Energy fuels the world, but it doesn’t always fuel the stock market.

And many are the long-only investors who have felt the pain as oil prices swooned more than 50% between last June and last month, resulting in numerous oil-related stocks across the value chain getting smacked.

The markets have been spooked by tales of global oversupply caused in large part by fracking technologies that literally cracked open U.S. oil (and gas) production, coupled with reports of U.S. crude-oil stockpiles at eight-decade highs and accompanying fears we’re running out of storage space for all of the black gold being siphoned from the ground.  

Falling oil prices have thrilled consumers at the gas pump but have roiled the financial markets. For investors, the question is whether this is just a hiccup in a naturally cyclical industry or, given this country’s growing proficiency as a hydrocarbon producer and its newfound role as a major force among global suppliers, the dynamics have changed to the point where the oil industry will gag on oversupply for the foreseeable future.

The energy sector is too important to ignore, and the recent tumult can be seen either as a buying opportunity in the oil patch, a chance to look at other types of energy-related companies as viable long-term investments, or both.

Kenneth Waltzer, managing director at KCS Wealth Advisory in West Los Angeles, Calif., sees the drop in oil prices as temporary and a chance to invest in good energy-related companies at bargain prices. “We favor well-capitalized companies and those with significant reserves that can be taken over by the majors,” he says.

Among the possible takeover candidates, Waltzer cited Apache. This oil and gas exploration and production outfit is an example of a company whose stock was hammered. But it has proven reserves, and that could make it an attractive target, especially among those major oil companies that would rather cost-effectively seek new sources of crude than try to extract new reserves in expensive, hard-to-drill areas.

Among the oil majors, Waltzer likes Royal Dutch Shell for its favorable balance sheet, which the Anglo-Dutch giant is using to bid $70 billion for BG in a move to dominate the market for liquefied natural gas.
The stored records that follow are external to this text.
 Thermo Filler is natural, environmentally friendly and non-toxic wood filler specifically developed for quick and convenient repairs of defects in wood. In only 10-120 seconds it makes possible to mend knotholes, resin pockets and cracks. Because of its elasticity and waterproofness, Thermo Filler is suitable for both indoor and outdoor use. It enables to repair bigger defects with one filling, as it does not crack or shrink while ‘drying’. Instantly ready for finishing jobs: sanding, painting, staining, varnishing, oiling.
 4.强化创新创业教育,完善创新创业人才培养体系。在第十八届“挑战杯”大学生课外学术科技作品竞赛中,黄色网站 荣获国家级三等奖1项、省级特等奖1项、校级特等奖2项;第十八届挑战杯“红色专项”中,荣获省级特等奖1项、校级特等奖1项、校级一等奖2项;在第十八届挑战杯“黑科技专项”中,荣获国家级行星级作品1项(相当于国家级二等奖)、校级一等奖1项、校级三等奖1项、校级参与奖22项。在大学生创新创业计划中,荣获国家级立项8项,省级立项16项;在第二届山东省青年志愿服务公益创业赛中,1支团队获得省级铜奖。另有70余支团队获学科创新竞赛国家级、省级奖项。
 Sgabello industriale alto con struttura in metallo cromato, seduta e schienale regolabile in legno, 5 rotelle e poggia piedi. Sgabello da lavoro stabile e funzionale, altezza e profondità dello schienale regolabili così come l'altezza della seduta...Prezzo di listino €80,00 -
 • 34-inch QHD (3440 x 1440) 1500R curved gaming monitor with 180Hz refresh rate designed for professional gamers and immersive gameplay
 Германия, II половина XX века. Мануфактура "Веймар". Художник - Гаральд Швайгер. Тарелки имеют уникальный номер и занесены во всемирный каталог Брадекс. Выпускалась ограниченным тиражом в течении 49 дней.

He also notes that refining and marketing companies such as Valero Energy have done well because their refining margins increased as the price of raw crude plummeted.

Waltzer also sees opportunities in the renewable energy space, and two of his top picks are solar company First Solar and Gamesa, a Spanish wind energy company whose operations include making the inner workings of windmills for energy generation. “That company went through very hard times when many of the government subsidies for wind energy disappeared, but over the long term it’s a place to go in wind because regardless of which windmill you use you have to have the insides,” he says.
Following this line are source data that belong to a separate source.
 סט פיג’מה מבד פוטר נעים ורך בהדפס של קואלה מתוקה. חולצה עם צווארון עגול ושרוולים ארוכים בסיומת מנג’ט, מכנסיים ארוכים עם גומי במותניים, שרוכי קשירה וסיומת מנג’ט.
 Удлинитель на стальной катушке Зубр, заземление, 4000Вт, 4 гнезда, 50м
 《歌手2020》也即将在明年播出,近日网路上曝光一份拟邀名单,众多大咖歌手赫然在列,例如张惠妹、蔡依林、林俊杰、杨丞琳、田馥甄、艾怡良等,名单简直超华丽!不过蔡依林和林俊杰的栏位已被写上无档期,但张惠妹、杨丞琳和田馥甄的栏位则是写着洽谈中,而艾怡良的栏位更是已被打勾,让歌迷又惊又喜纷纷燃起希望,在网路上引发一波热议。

Investment manager Nick Kaiser at Saturna Capital says his firm has reduced its holdings in oil and coal companies. “We don’t see rising dividends in Big Oil; we see cutting dividends,” he offers. “We see natural gas taking market share [from coal] because it’s more friendly to the environment, relatively speaking, and that’s probably where the biggest short-term opportunities are in the big three of coal, oil and gas.”

Kaiser is director and chief investment officer at Saturna, which last month launched both a sustainable equity and a sustainable bond mutual fund under the Saturna banner. It also manages the Sextant, Idaho and Amana mutual funds. “We’re long-term investors looking for long-term plays that will make sense,” he says, adding that his firm looks at sustainable energy sources as a way to consistently make money over the long haul.
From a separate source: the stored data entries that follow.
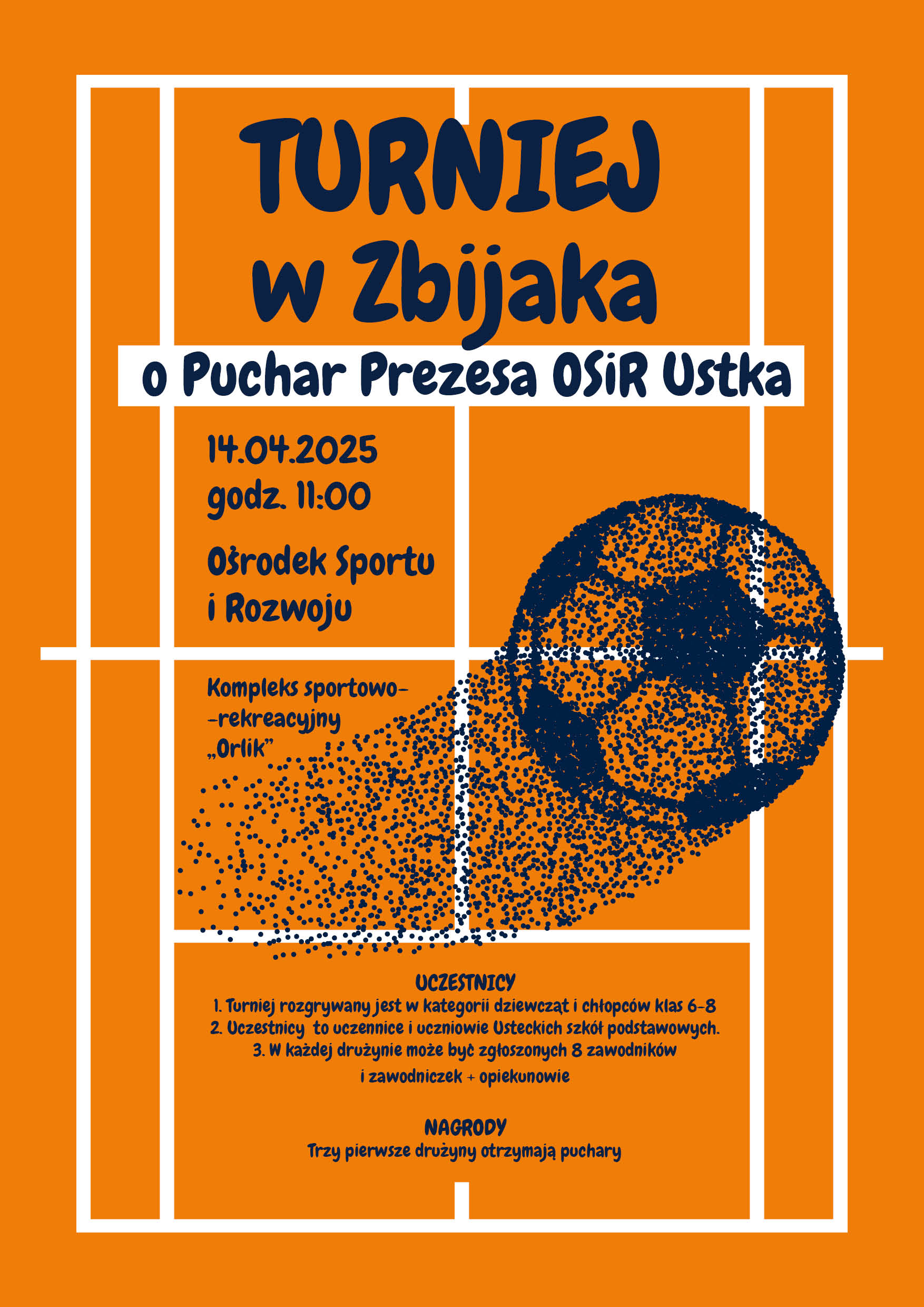 14 kwietnia o godzinie 11:00 na kompleksie sportowo-rekreacyjnym Orlik w Ustce odbędzie się #Turniej w #Zbijaka dla szkół podstawowych. Młodzi zawodnicy zmierzą się w rywalizacji o Puchar Prezesa OSIR Ustka.
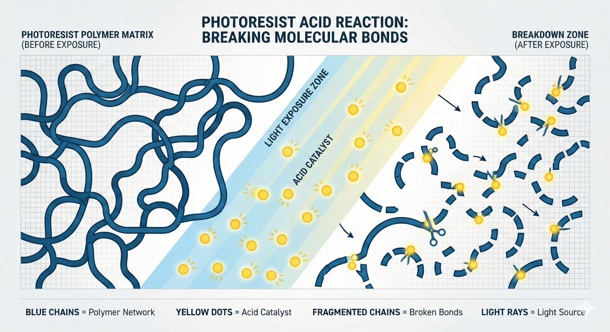 - Scissors: These acids cleave the polymer chains of the photoresist, transforming originally long, water-insoluble molecules into short, water-soluble ones.
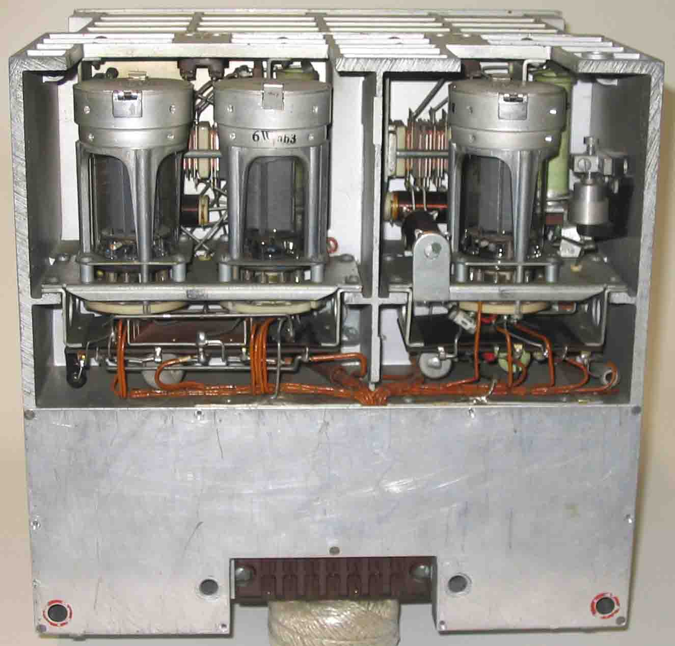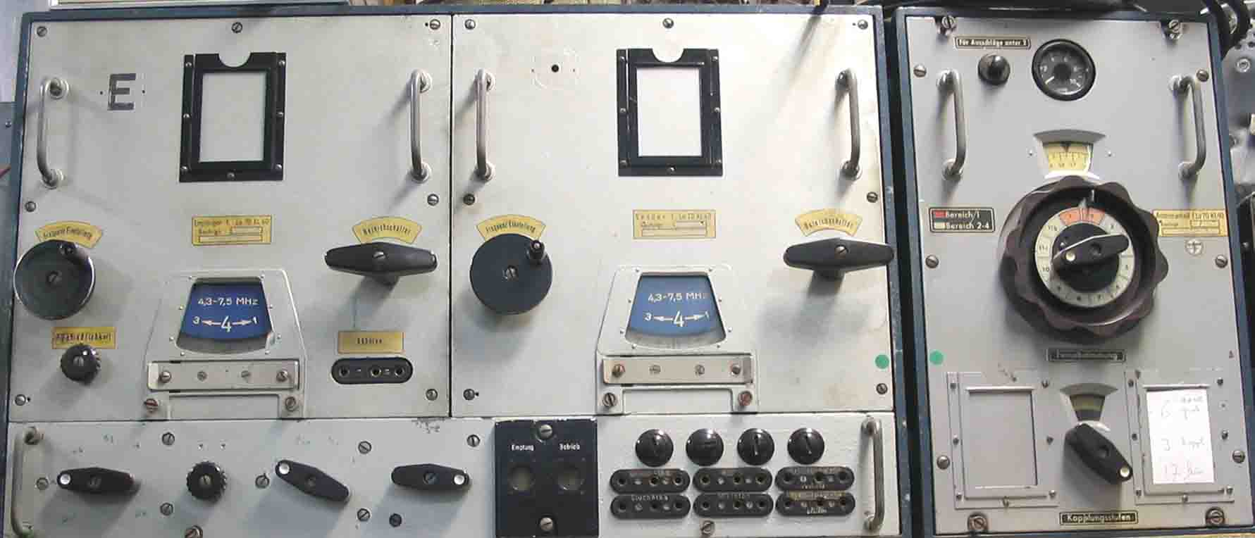 Left we see the receiver (E); in the centre we see the transmitter; on the right-hand side we face the antenna-tuner.
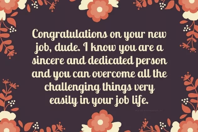 go so far. I know that thrive. Congrats, and keep pushing job will bring how it is you in the  #8 I am #7 You’ve networked, prepared, interviewed, and now you’ve got a and feeling good #6 Congratulations on job provide you #5 Congratulations. I love you of what you it. The competition out accomplishment and know #3 Success does fierce and will new company!best of luck courage to change let them know Here is a

To Kaiser, sustainable energy can include nuclear, which, despite setbacks in recent years in Germany and Japan, could be bolstered going forward as China builds more nuclear power plants to combat its air pollution problem. As part of the sustainable energy theme, Kaiser says his firm isn’t keen on renewable energy sectors that are reliant on government subsidies.

“Energy sources that require subsidies might not be sustainable, so you have to look at the government picture,” he says. “Hydro, nuclear, solar and wind do work. Parts of the U.S. have wind power that works without subsidies.”

Colm O’Connor, co-portfolio manager of the cleantech-focused Calvert Global Energy Solutions Fund, says renewable energy sources in the U.S. grew by 140 million megawatts per hour, or a 40% growth rate, from 2008 through 2013. “But that comprises a small part of overall energy consumption, so it’s growing from a small base.”

O’Connor says he expects demand for renewable energy in the U.S. to remain strong both this year and next, though the picture beyond that could be murky because solar investment tax credit (ITC) subsidies are due to expire at the end of 2016.

The ITC is a 30% federal tax credit for solar installations for both residential and commercial properties. If the current program isn’t extended, starting in 2017 the commercial credit will drop to 10% and the residential credit will be totally eliminated.

Even so, O’Connor believes the solar industry’s maturation makes it more viable than ever. “Because of price declines due to technology improvements, the industry is less reliant on subsidies and there’s a much more healthy demand picture,” he says. “Solar panel makers are profitable because their costs have declined faster than falling panel prices. I wouldn’t say solar is mainstream, but it’s certainly part of the existing energy mix. People will say it relies on subsidies, and while they’re important for solar, subsidies are important for every form of energy generation.”